_TASK ITEM_
Among the entries below, retype exactly the lines starting with the one with "Statistiques de colonne" and going on through the one with "RainnWilson (@RainnWilson) 1655393027", but not the pictures.

_Stored records_
+--
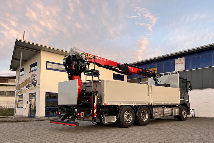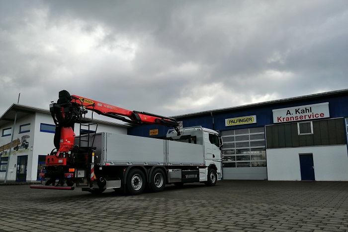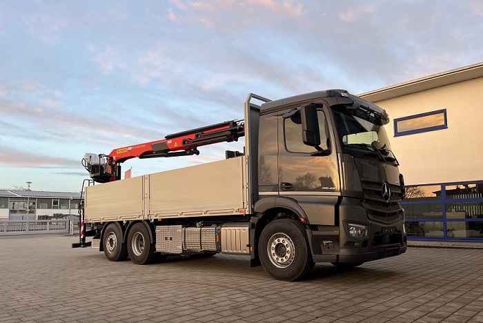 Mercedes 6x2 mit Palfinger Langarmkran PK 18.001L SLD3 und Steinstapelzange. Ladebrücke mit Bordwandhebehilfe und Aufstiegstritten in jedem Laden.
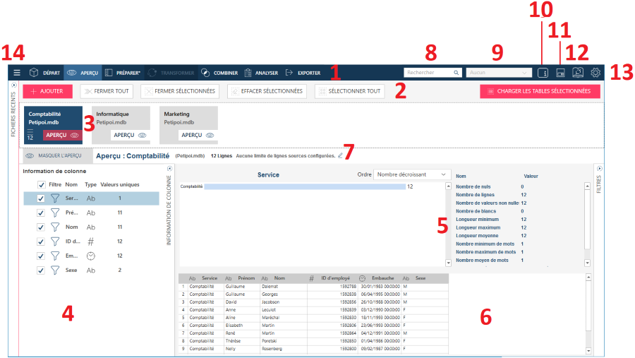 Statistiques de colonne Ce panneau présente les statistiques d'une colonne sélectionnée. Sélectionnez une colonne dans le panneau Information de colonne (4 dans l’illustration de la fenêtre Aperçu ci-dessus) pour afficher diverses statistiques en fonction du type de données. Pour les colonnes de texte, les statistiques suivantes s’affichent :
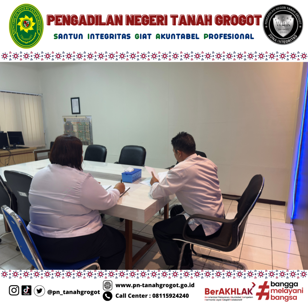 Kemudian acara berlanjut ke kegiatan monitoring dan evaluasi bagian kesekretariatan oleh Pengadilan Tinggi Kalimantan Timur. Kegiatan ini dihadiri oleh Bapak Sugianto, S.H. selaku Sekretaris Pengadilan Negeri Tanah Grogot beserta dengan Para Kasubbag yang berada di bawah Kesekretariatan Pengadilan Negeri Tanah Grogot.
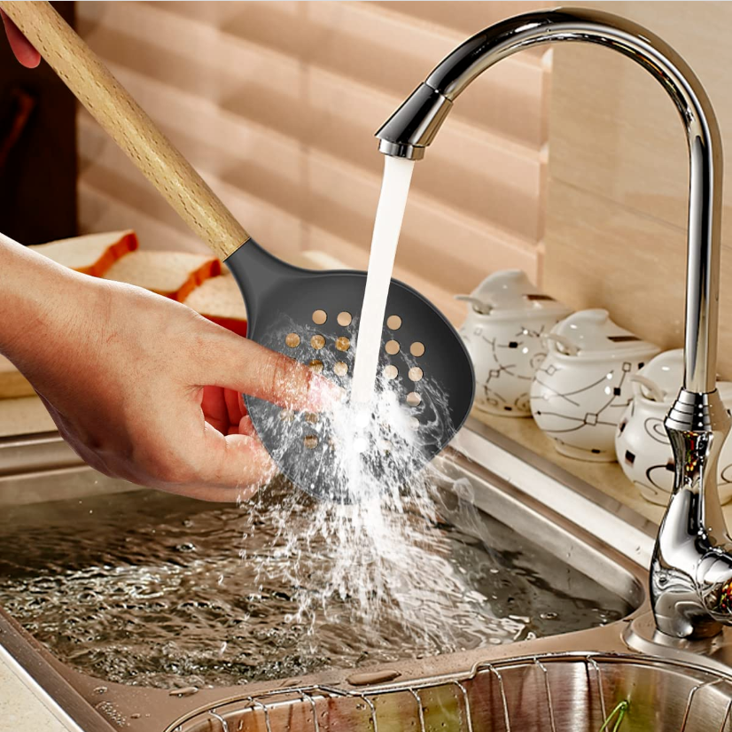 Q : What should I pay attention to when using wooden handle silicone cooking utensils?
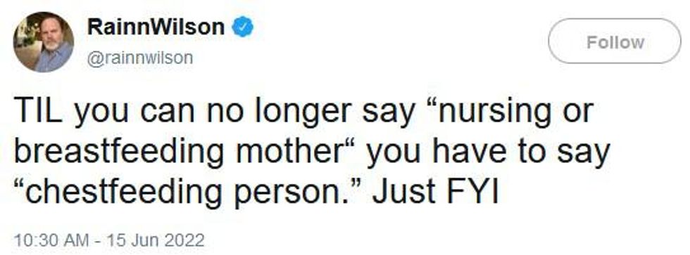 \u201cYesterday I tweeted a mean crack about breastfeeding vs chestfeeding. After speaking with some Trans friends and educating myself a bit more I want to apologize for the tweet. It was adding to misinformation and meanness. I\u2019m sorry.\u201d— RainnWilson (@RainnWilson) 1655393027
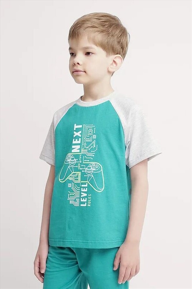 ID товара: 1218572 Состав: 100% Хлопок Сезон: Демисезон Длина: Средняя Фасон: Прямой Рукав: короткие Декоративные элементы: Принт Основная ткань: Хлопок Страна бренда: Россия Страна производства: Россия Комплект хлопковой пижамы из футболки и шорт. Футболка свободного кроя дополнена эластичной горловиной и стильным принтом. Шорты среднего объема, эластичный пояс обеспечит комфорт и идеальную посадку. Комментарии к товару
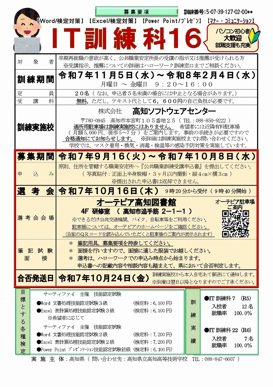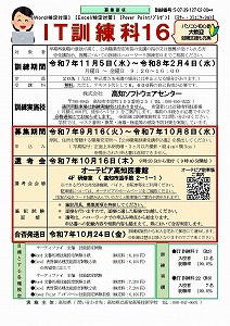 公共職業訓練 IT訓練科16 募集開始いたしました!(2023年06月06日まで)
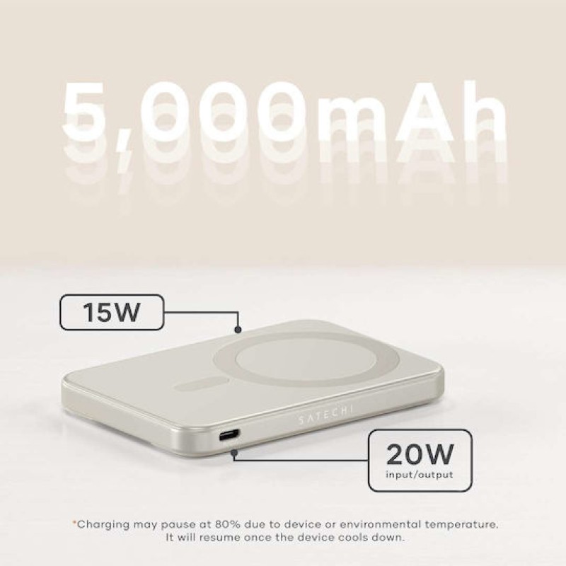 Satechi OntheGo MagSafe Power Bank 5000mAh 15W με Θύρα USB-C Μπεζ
+--
_RESPONSE TO THIS TASK_
 Statistiques de colonne Ce panneau présente les statistiques d'une colonne sélectionnée. Sélectionnez une colonne dans le panneau Information de colonne (4 dans l’illustration de la fenêtre Aperçu ci-dessus) pour afficher diverses statistiques en fonction du type de données. Pour les colonnes de texte, les statistiques suivantes s’affichent :
 Kemudian acara berlanjut ke kegiatan monitoring dan evaluasi bagian kesekretariatan oleh Pengadilan Tinggi Kalimantan Timur. Kegiatan ini dihadiri oleh Bapak Sugianto, S.H. selaku Sekretaris Pengadilan Negeri Tanah Grogot beserta dengan Para Kasubbag yang berada di bawah Kesekretariatan Pengadilan Negeri Tanah Grogot.
 Q : What should I pay attention to when using wooden handle silicone cooking utensils?
 \u201cYesterday I tweeted a mean crack about breastfeeding vs chestfeeding. After speaking with some Trans friends and educating myself a bit more I want to apologize for the tweet. It was adding to misinformation and meanness. I\u2019m sorry.\u201d— RainnWilson (@RainnWilson) 1655393027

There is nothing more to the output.